* THE TASK: Quote the lines of the data below verbatim, beginning at the line that contains "這種穩定和可靠的電力供應依靠" and ending at the last line, both included, and excluding pictures.

* DATA SHOWN:
* * * * * * *

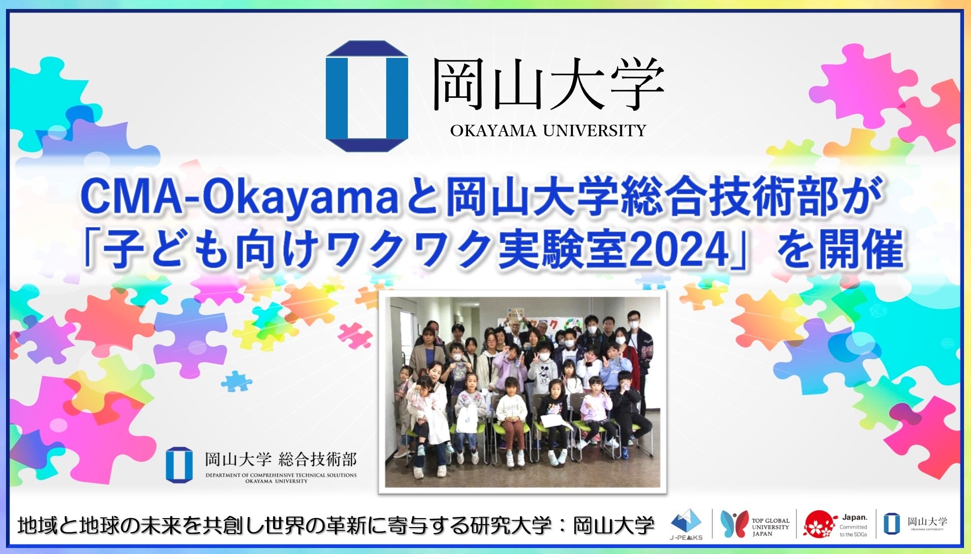 国立大学法人岡山大学(本部:岡山市北区、学長:那須保友)の技術統括管理本部を構成する組織のひとつである総合技術部は、2024年12月8日に鹿田キャンパスの鹿田会館でCMA-Okayama(岡山医療連携推進協議会)とともに「子ども向けワクワク実験室2024」特別ワークショップ(以下、WS)を開催しました。
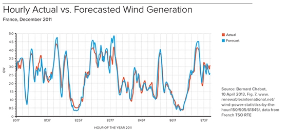 這種穩定和可靠的電力供應依靠的是對許多變量的籌劃調控,所以必須準確預報電力輸出的變化。盡管準確性還有待提高,但是預報能力的發展已經實現了光伏發電和風力發電比電力需求更容易預測。例如,在一個多暴風雨的冬季月份,法國電網運營商報告的全國實際風力發電量與其提前一天預報的發電量(見如下圖示)已十分接近。較少的誤差在電能實際調度上網前的幾個小時內也消失了。
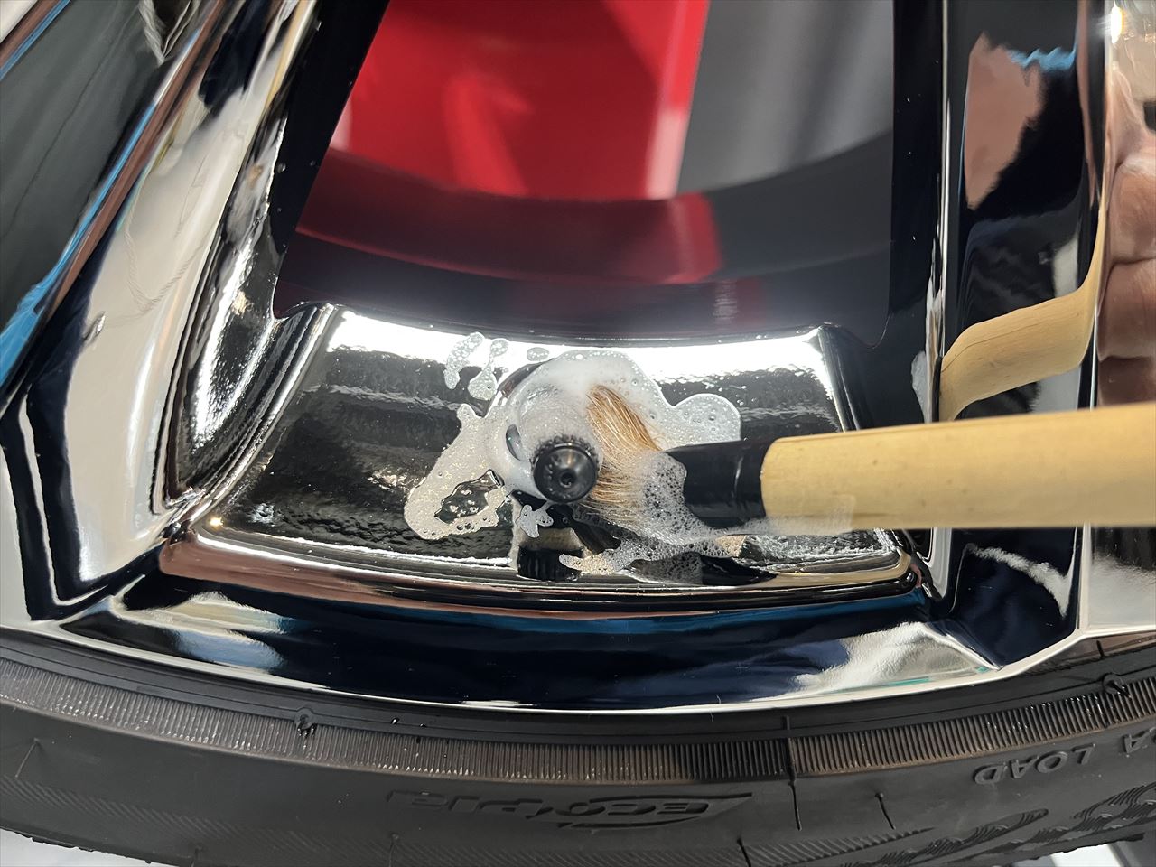 ホイール専用のガラスコーティングと防汚性UPコーティングを施工していきます。
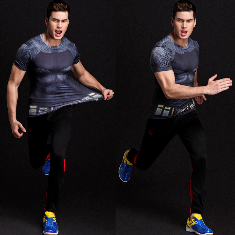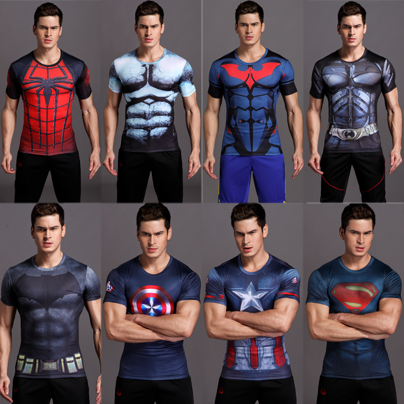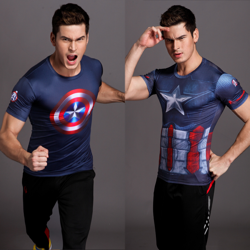 Avengers League Tight Fit American Captain Sport Short Sleeve Spider man bodybuilding Superman fitness men and women T-shirts

* * * * * * *

* ANSWER:
 這種穩定和可靠的電力供應依靠的是對許多變量的籌劃調控,所以必須準確預報電力輸出的變化。盡管準確性還有待提高,但是預報能力的發展已經實現了光伏發電和風力發電比電力需求更容易預測。例如,在一個多暴風雨的冬季月份,法國電網運營商報告的全國實際風力發電量與其提前一天預報的發電量(見如下圖示)已十分接近。較少的誤差在電能實際調度上網前的幾個小時內也消失了。
 ホイール専用のガラスコーティングと防汚性UPコーティングを施工していきます。
 Avengers League Tight Fit American Captain Sport Short Sleeve Spider man bodybuilding Superman fitness men and women T-shirts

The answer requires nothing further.